International Small Agency of the Year, Gold: Akestam Holst
Not many agencies would suggest that a client swallow a mini hi-fi system in the name of publicity, but Swedish independent Akestam Holst is not afraid of taking risks. And neither are the kind of marketers drawn to the agency -- the CEO of electronics retailer Pause insisted on going ahead with the hi-fi stunt, even though doctors advised against it.
The mini hi-fi was operated via Wi-Fi, creating a human jukebox that people could program to play the song of their choice. For the same client, Akestam Holst rebuilt a Pause store as the set of a heist movie, inviting people to crack the security system and plan a heist online: The closer they got to the target , the bigger the discount they won.
Akestam Holst, founded in 1998, has around 90 staff, mostly Swedes and Northern Europeans. The agency's philosophy revolves around being uncomplicated, keeping promises and focusing on results.

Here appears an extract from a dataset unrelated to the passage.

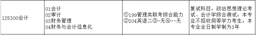会计硕士(125300)是经济与管理学院开设专业,该专业分为5个研究方向,初试考试科目为英二与1999管理类联考综合,并接收同等学力考生。详情如下>>

"We wanted to combine the world's best ads with the world's best working place," said Andreas Ullenius, executive creative director and partner. "It's a kind climate, where we use our collective force to come up with ideas."
For Pepsi, the shop set up a football match between blind and sighted players using technology that enhanced sound and therefore helped blind people to play. In a campaign for bus service Swebus, Akestam Holst invited people to bet on train delays, with winners receiving a prize of tokens for bus journeys.
Clients also include Audi, Ikea and Carlsberg. Most of the agency's work is for the Swedish market. It handled Puma's global football account for three years, but Mr. Ullenius said he prefers project-based work for international clients, as the Puma business "nearly broke the agency."